For each element in RDD, we add 1 column with value 1, then by key (word), we compute the sum of value by using reduceByKey. When we do "_ + _" means everytime we have same key (word), we do the sum of its values.

In [ ]:
val wordCount = words.map(l => (l, 1)).reduceByKey(_ + _)
wordCount.collect()

wordCount: org.apache.spark.rdd.RDD[(String, Int)] = ShuffledRDD[9] at reduceByKey at <console>:75
res17: Array[(String, Int)] = Array((reading,1), (this,1), (paper,1), (doublerddfunctions,1), (collection,1), (internally,1), (is,3), (its,1), (sequencefiles,1), (persist,1), (only,2), (data,1), (abstraction,1), (internals,1), (basic,2), (map,1), (sequencefilerddfunctions,1), (class,1), (methods,1), (scheduling,1), (execution,1), (new,1), (computing,2), (locations,2), (join,1), (other,1), (file,1), (from,1), (details,1), (dataset,1), (immutable,1), (refer,1), (can,3), (doubles,1), (split,2), (filter,1), (operated,1), (keyvalue,2), (eg,3), (as,3), ("",5), (operations,4), (done,1), (list,3), (please,1), (users,1), (five,1), (own,1), (rdd,5), (function,1), (addition,1), (itself,1), (character...

#### 2/ Second option :

We do the same, for each element in RDD, we map with value 1. Then we groupByKey and compute the sum of list of the value

In [ ]:
val wordCount = words.map(l => (l, 1)).groupByKey().map(l => (l._1, l._2.toList.sum))


wordCount: org.apache.spark.rdd.RDD[(String, Int)] = MapPartitionsRDD[12] at map at <console>:73


### For example if we want to find the count of "is", we can also do filter

In [ ]:
wordCount.filter(l => l._1 == "is").take(10)

res8: Array[(String, Int)] = Array((is,3))


### So without any filter, the output will be 

In [ ]:
wordCount.take(10)

res23: Array[(String, Int)] = Array((reading,1), (this,1), (paper,1), (doublerddfunctions,1), (collection,1), (internally,1), (its,1), (is,3), (sequencefiles,1), (persist,1))


### From RDD to DataFrame and Dataset

We can convert RDD to Dataset or DataFrame.

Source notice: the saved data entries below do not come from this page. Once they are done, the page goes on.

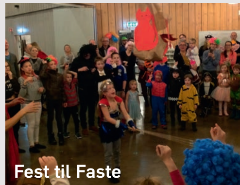
Fest til Faste

8. februar ble inngangen til fastetiden markert med "Fra fest til faste" i Byåsen kirke. 160 små og store utkledd med festlige kostymer deltok på gudstjeneste og karnevalet. Det var flott av sang av Byåsen pre Soul Children og Byåsen Familiekor. Mye lek og fest, som nådde sitt høydepunkt da Pinjaten sprakk og gulvet fyltes med sjokolade.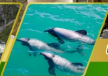
ส่องเรือชมโลมา อ่าวอาคารัว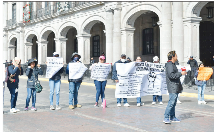
▲ En medio de consignas, el personal del ISEM exigió plazas en el sistema de salud y no afectar a quienes participaron en las manifestaciones.

Explicaron que la falta de contratos afecta a los trabajadores, ya que no son respaldados por la Ley, lo que genera inseguridad económica; ausencia de beneficios sociales como aguinaldo, vacaciones pagadas, prima vacacional, seguro médico o pensiones e incertidumbre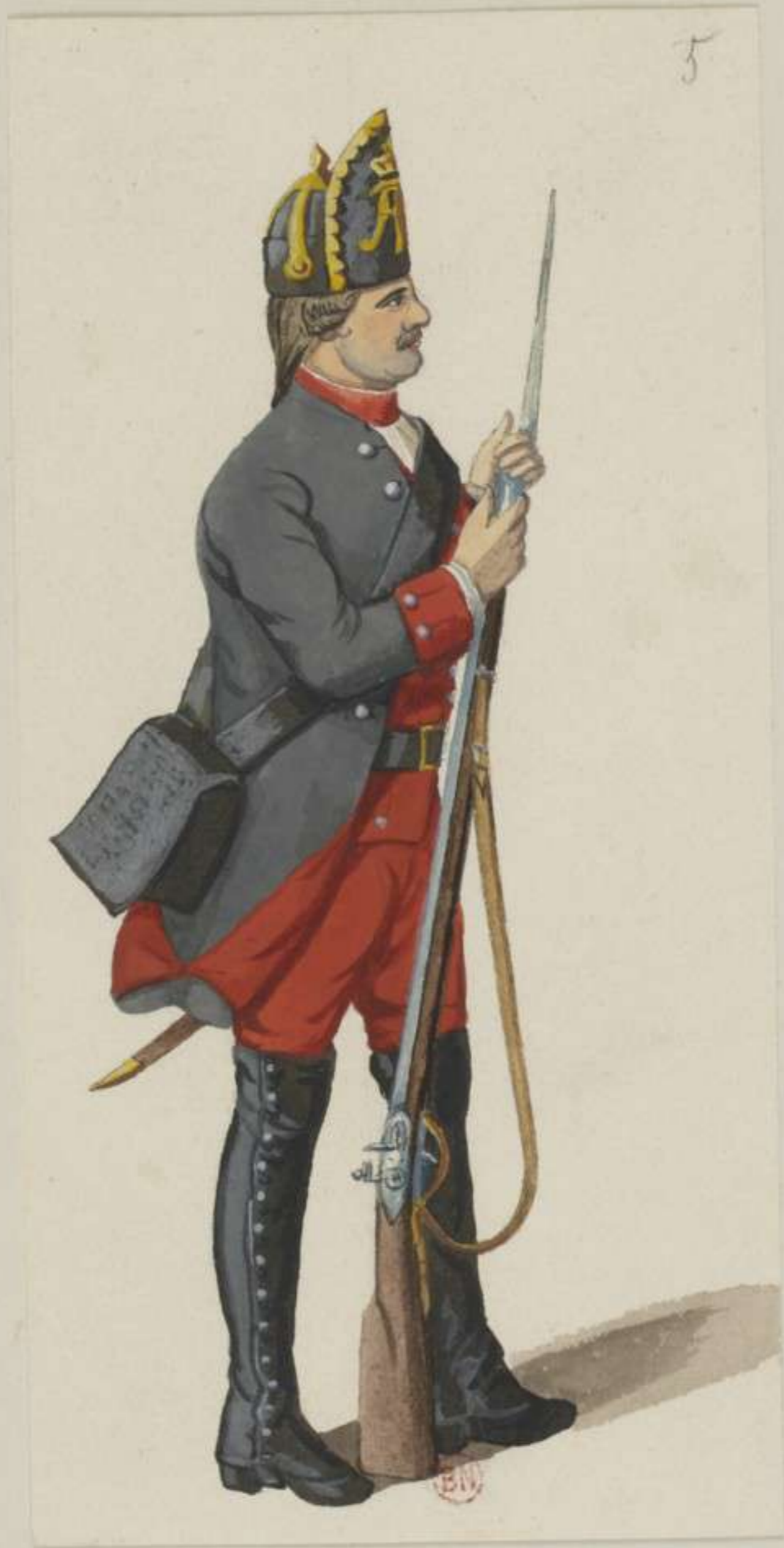
5° - 3. Kreis Regiment Weissenfels - 1758

In fact, in Spark, these 3 APIs (RDD, DataFrame ans Dataset) are the three types officially used. They can convert to each other. 

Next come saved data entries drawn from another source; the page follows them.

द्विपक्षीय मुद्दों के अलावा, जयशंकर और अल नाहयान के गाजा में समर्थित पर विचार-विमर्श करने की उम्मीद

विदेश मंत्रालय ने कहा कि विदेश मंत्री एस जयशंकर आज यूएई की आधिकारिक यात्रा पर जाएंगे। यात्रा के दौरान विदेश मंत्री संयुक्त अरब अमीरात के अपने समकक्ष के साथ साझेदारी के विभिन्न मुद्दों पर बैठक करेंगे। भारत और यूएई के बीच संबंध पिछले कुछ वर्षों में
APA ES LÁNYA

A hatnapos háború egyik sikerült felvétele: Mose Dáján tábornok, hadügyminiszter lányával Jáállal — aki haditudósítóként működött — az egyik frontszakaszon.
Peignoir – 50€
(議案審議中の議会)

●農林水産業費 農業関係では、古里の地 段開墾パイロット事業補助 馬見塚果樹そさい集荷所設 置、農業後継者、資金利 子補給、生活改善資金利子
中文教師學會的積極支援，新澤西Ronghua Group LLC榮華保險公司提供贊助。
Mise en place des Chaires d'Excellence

To understand thoroughly when to use them, you can read at https://databricks.com/blog/2016/07/14/a-tale-of-three-apache-spark-apis-rdds-dataframes-and-datasets.html

#### From RDD to DataFrame

In [ ]:
val sqlContext = new SQLContext(sc) 
import sqlContext.implicits._

val df = wordCount.toDF("word", "count")

       val sqlContext = new SQLContext(sc)
                        ^
sqlContext: org.apache.spark.sql.SQLContext = org.apache.spark.sql.SQLContext@194699f1
import sqlContext.implicits._
df: org.apache.spark.sql.DataFrame = [word: string, count: int]


In [ ]:
df.show()

+--------------------+-----+
|                word|count|
+--------------------+-----+
|             reading|    1|
|                this|    1|
|               paper|    1|
|  doublerddfunctions|    1|
|          collection|    1|
|          internally|    1|
|                 its|    1|
|                  is|    3|
|       sequencefiles|    1|
|             persist|    1|
|                only|    2|
|                data|    1|
|         abstraction|    1|
|           internals|    1|
|               basic|    2|
|                 map|    1|
|sequencefilerddfu...|    1|
|               class|    1|
|             methods|    1|
|          scheduling|    1|
+--------------------+-----+
only showing top 20 rows



#### From RDD to Dataset

In [ ]:
import org.apache.spark.sql.types.{DoubleType, StringType, StructField, StructType}
import org.apache.spark.sql.{Row, SparkSession}

import org.apache.spark.sql.types.{DoubleType, StringType, StructField, StructType}
import org.apache.spark.sql.{Row, SparkSession}


In [ ]:
val sparkSession = SparkSession.builder
      .master("local")
      .appName("example")
      .getOrCreate()

val sparkContext = sparkSession.sparkContext
import sparkSession.implicits._

sparkSession: org.apache.spark.sql.SparkSession = org.apache.spark.sql.SparkSession@4925c3d7
sparkContext: org.apache.spark.SparkContext = org.apache.spark.SparkContext@2405fc0d
import sparkSession.implicits._


In [ ]:
val dataset = words_with_nbOccurences.toDS()

dataset: org.apache.spark.sql.Dataset[(String, Int)] = [_1: string, _2: int]


In [ ]:
dataset.show()

+--------------------+---+
|                  _1| _2|
+--------------------+---+
|             reading|  1|
|                this|  1|
|               paper|  1|
|  doublerddfunctions|  1|
|          collection|  1|
|          internally|  1|
|                 its|  1|
|                  is|  3|
|       sequencefiles|  1|
|             persist|  1|
|                only|  2|
|                data|  1|
|         abstraction|  1|
|           internals|  1|
|               basic|  2|
|                 map|  1|
|sequencefilerddfu...|  1|
|               class|  1|
|             methods|  1|
|          scheduling|  1|
+--------------------+---+
only showing top 20 rows